┌──

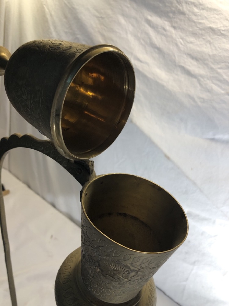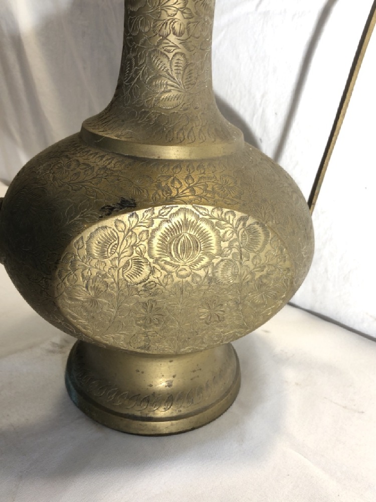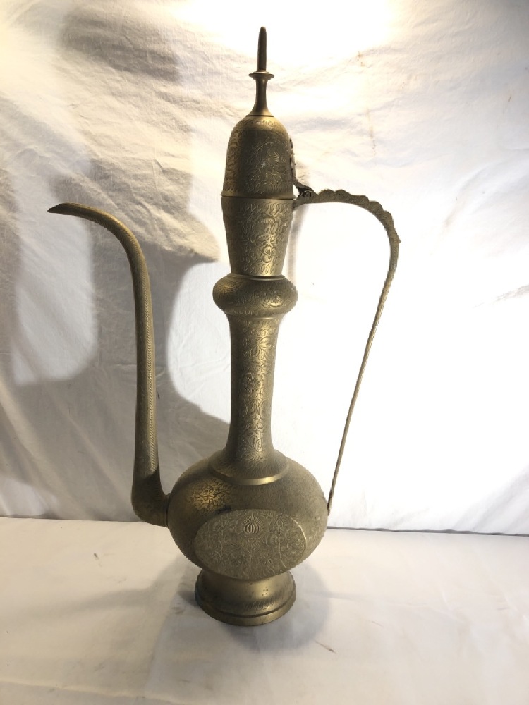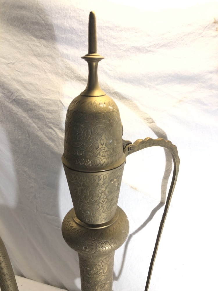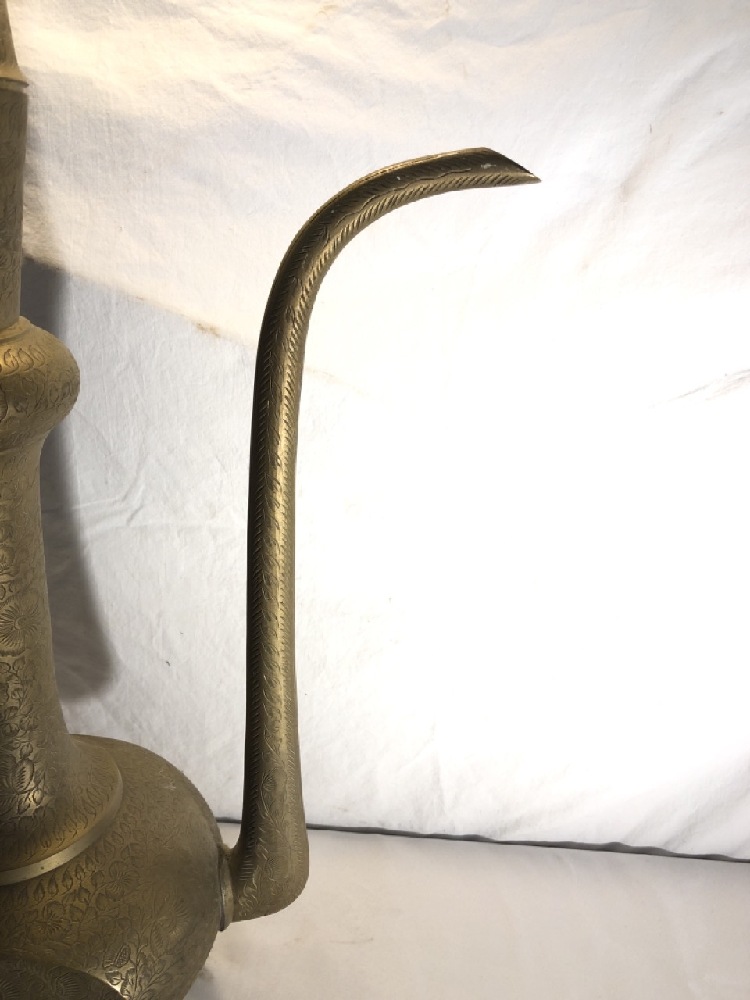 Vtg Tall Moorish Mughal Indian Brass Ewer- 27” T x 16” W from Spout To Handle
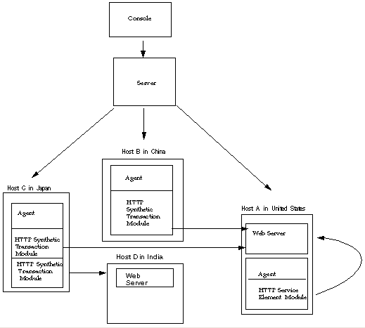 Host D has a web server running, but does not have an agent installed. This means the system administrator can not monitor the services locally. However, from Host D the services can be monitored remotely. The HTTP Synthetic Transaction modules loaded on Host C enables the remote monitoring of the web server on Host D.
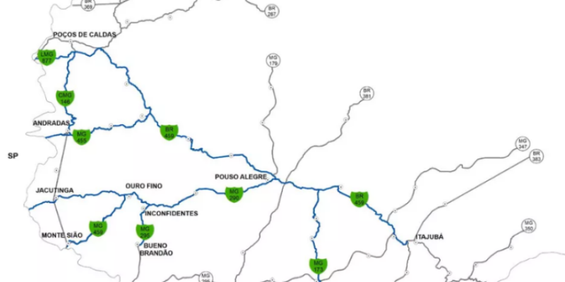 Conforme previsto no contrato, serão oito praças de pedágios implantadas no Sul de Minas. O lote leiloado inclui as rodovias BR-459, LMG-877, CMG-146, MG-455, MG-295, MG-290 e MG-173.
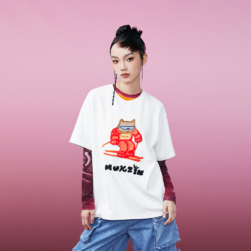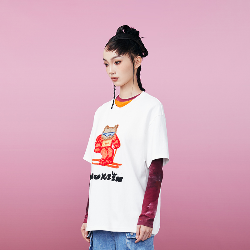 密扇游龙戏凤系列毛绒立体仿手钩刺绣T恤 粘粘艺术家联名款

└──

Reproduce the material in full, word for word, and omit the pictures.

 Vtg Tall Moorish Mughal Indian Brass Ewer- 27” T x 16” W from Spout To Handle
 Host D has a web server running, but does not have an agent installed. This means the system administrator can not monitor the services locally. However, from Host D the services can be monitored remotely. The HTTP Synthetic Transaction modules loaded on Host C enables the remote monitoring of the web server on Host D.
 Conforme previsto no contrato, serão oito praças de pedágios implantadas no Sul de Minas. O lote leiloado inclui as rodovias BR-459, LMG-877, CMG-146, MG-455, MG-295, MG-290 e MG-173.
 密扇游龙戏凤系列毛绒立体仿手钩刺绣T恤 粘粘艺术家联名款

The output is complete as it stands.